Various manufacturing systems have developed over time, driven by product design, economics, and technology. This post will dive into the different approaches to manufacturing products, and which manufacturing systems are suitable for which purposes.
Manufacturing systems can refer to the top-level distinction between discrete and process manufacturing. Broadly, the former is assemblies of standardized parts, that could be disassembled later—things like cars and computers. The latter is a chemical transformation such as food and pharmaceuticals.
At the other end of the manufacturing systems spectrum are advanced methodologies like lean manufacturing, which aims to eliminate inefficiency in the process. Here, we'll focus on the mid-level definition: the different systems on which plant infrastructure is based, whether process or discrete.
All manufacturing falls under one of these five major manufacturing systems, running the gamut from bespoke products through mass manufacture to modern mass customization.
Custom manufacturing describes the production of bespoke products, made to order, usually by a skilled craftsperson.

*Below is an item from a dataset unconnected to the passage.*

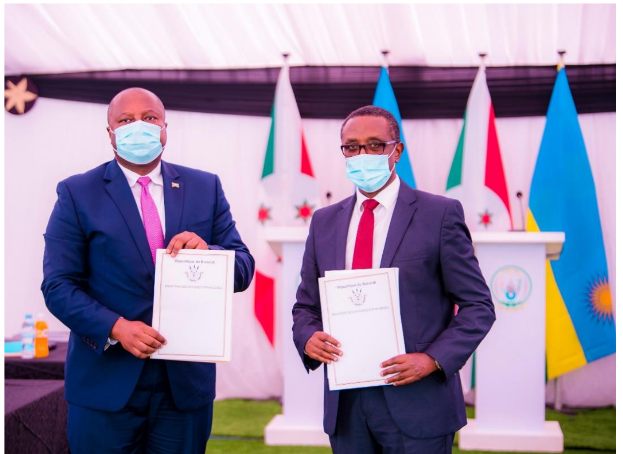
Rencontre entre les chefs de la diplomatie du Burundi et du Rwanda (Albert Shingiro et Vincent Biruta) le 20 octobre 2020 au poste frontière de Nemba-Gasenyi. Les relations diplomatiques entre ces deux pays se sont dégradées depuis 2015

Le Mouvement d' Actions Patriotiques, MAP-BURUNDI BUHIRE suit avec beaucoup d' inquiétude la succession des développements alarmants qui émaillent la vie politique du Burundi depuis l' arrivée au pouvoir du Général-Major Evariste Ndayishimiye. Lors de la Conférence-débat sur les 100 premiers jours du régime Ndayishimiye que MAP-BURUNDI BUHIRE a organisé le 25 septembre 2020, plus de 200 participants provenant de 13 pays différents, ont souligné de nombreux signes inquiétants de dérapages qui, si rien n' était fait pour les juguler, risquaient d' entraîner le Burundi vers un gouffre dont il serait difficile de sortir. Ils ont alerté l' opinion nationale et internationale, en vue d' endiguer cette regrettable descente aux enfers. L' évolution politique de ces deux dernières semaines, en particulier, l' appel fait par le Président de la République, aux miliciens Imbonerakure de s' impliquer avec plus d' ardeur dans leurs sales besognes de répression de la population, pendant que le Secrétaire Général des Nations Unies demandait au Président Ndayishimiye de démanteler ces milices et de les intégrer dans la vie active. Cela confirme évidemment les préoccupations de MAP-BURUNDI BUHIRE. C' est la raison d' être de cette Revue des développements politiques au Burundi, qui se veut mensuelle et vise à informer, prendre le pool de la situation, et alerter sur les dérives du régime en place au Burundi.

It is a relative rarity in modern society, usually reserved for high-end variants of common products. Tailored suits, handmade furniture, and wedding cakes are all good examples.
Intermittent manufacturing can also be thought of as batch production—limited runs of similar products, usually to fulfill specific orders. Although machinery is often utilized, intermittent manufacturers commonly rely on skilled workers able to switch between different products. Clothing is a large-scale example which is often produced intermittently responding to demand of particular designs.
Otherwise known simply as ‘mass manufacture’, continuous manufacturing is what laypeople tend to think of as manufacturing. Production lines are set to produce the same product, often 24 hours a day, continuously, with the expectation that demand will meet supply. Continuous manufacturing commonly applies the assembly line methodology. The economies of scale make the cost-per-unit as low as possible, making continuous manufacturing incredibly efficient—but only if the quantities can justify the inflexibility.
Flexible manufacturing fulfills the same batch quantities as intermittent manufacturing, but with less reliance on skilled labor. Instead, high levels of robotics and automation enable machines to rapidly re-calibrate between different products and lines. Due to the speed of changeover, flexible manufacturing is sometimes referred to as ‘agile manufacturing.’ The system requires high levels of initial capital investment, and expansive pre-planning, but can offer a more favorable cost-per-unit—with even greater flexibility—than intermittent manufacturing once the plant is running.
Mass customization delivers individually customized products on a mass scale and production lines may be designed to accommodate simple customization. However, the convergence of digital design and manufacturing may allow customers to design highly complex customizations themselves that are automatically relayed to automated production lines, capable of adapting with no changeover time. As customers increasingly expect personalization—and the technology becomes more capable—mass customization is rapidly becoming the preferred method of production in many sectors.
Mass customization is enabled by digital manufacturing technology and techniques. Product lifecycle management (PLM) software unifies design and engineering data, which can be translated into user interfaces for customer customization. This information can then be fed to automated production lines.
Even static production environments—such as those intended for continuous production—can make use of digital manufacturing techniques. The efficiency gains made possible by real-time condition monitoring and advanced machine learning analytics can make batch runs and some level of customization economic even on inflexible production lines. As mass customization becomes more entrenched in the sector, such adaptability—seamlessly transitioning between manufacturing systems—will become increasingly necessary to compete.